Faut-il enseigner les mathématiques ? Blaise PASCAL disait que « la vie n’est bonne qu’à étudier et à enseigner les mathématiques [1] ». Évidemment, sans être aussi catégorique, vous êtes tous convaincus, comme PASCAL, du moins je l’espère, de la nécessité de les enseigner. Les supprimer de tout cursus scolaire serait une énorme erreur, dans un monde où les mathématiques, et la science en général, sont omniprésentes. Mais, avez-vous remarqué que l’environnement médiatique n’est pas favorable à notre enseignement ? Récemment, un grand hebdomadaire a présenté les mathématiques comme « l’outil le plus impitoyable d’une sélection qui ne dit pas son nom ». On a même pu lire, dans une revue pour adolescentes de 12 à 16 ans, la chose suivante : « Avec le bloc scientifique, ce n’est d’ailleurs pas l’intelligence qui est à l’honneur : des neuneus peuvent exceller en sciences, alors que dans les matières littéraires, pour eux, c’est la misère . . . » et plus loin, « avec mon 15 de moyenne en maths, je peux t’apprendre à faire le robot » ! Les auteurs de ces lignes me font penser à BOUVARD et PÉCUCHET, pour qui, les mathématiques dessèchent le cœur, mais aussi pour qui la littérature occupe les oisifs. Il est, d’ailleurs de bon ton, dans certaines sphères, d’exhiber son ignorance en mathématiques. Un ancien ministre de l’Éducation Nationale était même fier, paraît-il, de ne pas savoir résoudre l’équation 2x+3 = 5 ! ! !

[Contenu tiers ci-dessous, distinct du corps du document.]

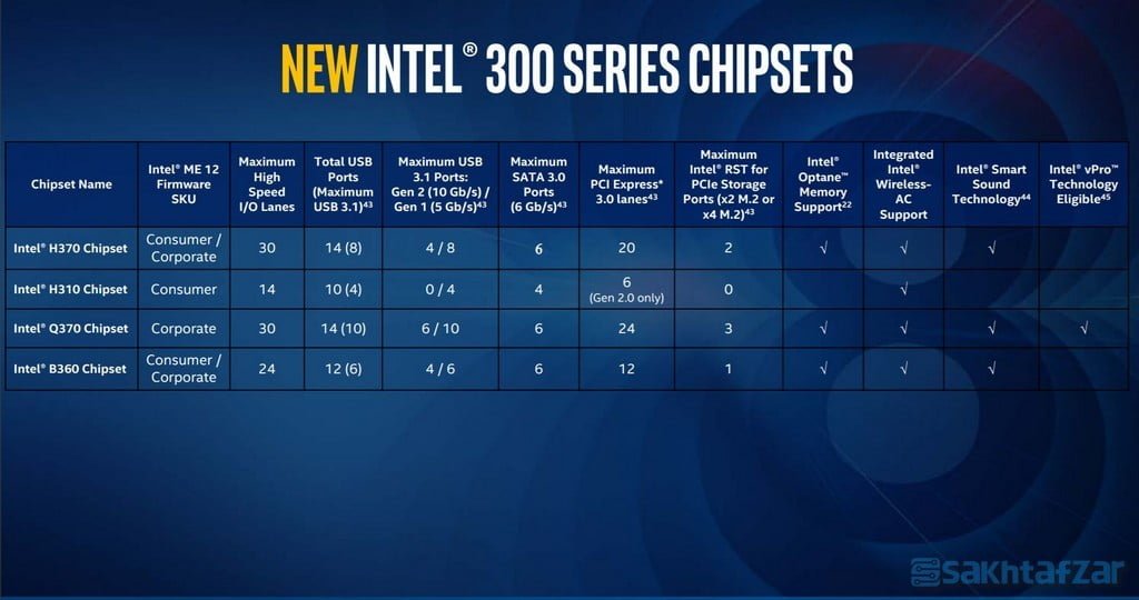 چیپ های جدید معرفی شده از طرف شرکت اینتل در حال حاضر صرفا سازگار با پردازنده های نسل هشتم یا خانواده Coffee Lake می باشند. در این میان چیپ H370 قوی ترین چیپ بعد از Z370 است. اینتل برای کاهش قیمت چیپ سری 300 خود، امکانات اورکلاک را برای H370 حذف کرده است، حداکثر فرکانس رم را به 2666 مگاهرتز محدود، و تعداد خطوط PCIe را کاهش داده است تا امکان SLI میسر نباشد. حذف این امکانات لزوما به معنای ضعف H370 نیست و این چیپ می تواند برای انواع عملیات های محاسباتی و گیمینگ مورد استفاده قرارگیرد. اینتل همچنین یکسری پردازنده جدید به خانواده Coffee Lake اضافه کرده است، که شاید مهمترین آنها i5 8600 و i5 8500 هستند که جای خالی فاصله ما بین پردازنده های فعلی i5 8400 و i5 8600K را پر می کنند و در رده ی پایین هم پردازنده جدید الورود i3 8300 بالاتر از i3 8100 خواهد ایستاد. پردازنده های ضریب بسته کافی لیک بهترین انتخاب برای چیپ های H370، B360 هستند.

Puisque nous venons de l’évoquer, parlons maintenant de l’environnement politique. Comme l’APMEP le dénonce depuis un certain temps, les horaires ne sont pas en adéquation avec les programmes. Il devient de plus en plus dur de faire correctement notre métier d’enseignant de mathématiques. Et alors que l’introduction de nouvelles technologies rend la formation continue encore plus nécessaire, les Instituts de Recherche sur l’Enseignement des Mathématiques sont menacés de disparition par une certaine pollution économique. Certes, cette pollution est encore limitée à l’académie de Nantes, mais nous devons la combattre afin de l’empêcher de s’étendre à tout le territoire.
Notre ministre se pose « la question du temps de formation. La nouvelle loi qu’il avait défendue et fait voter au Parlement, avant qu’il ne devienne notre ministre, permet aux salariés du privé de se former en partie en dehors de leur temps de travail en bénéficiant d’une indemnité ». Pour sa nouvelle loi d’orientation, il veut « s’inspirer de cet accord interprofessionnel signé par l’ensemble des syndicats du privé ». Je répondrais : « chiche ! ».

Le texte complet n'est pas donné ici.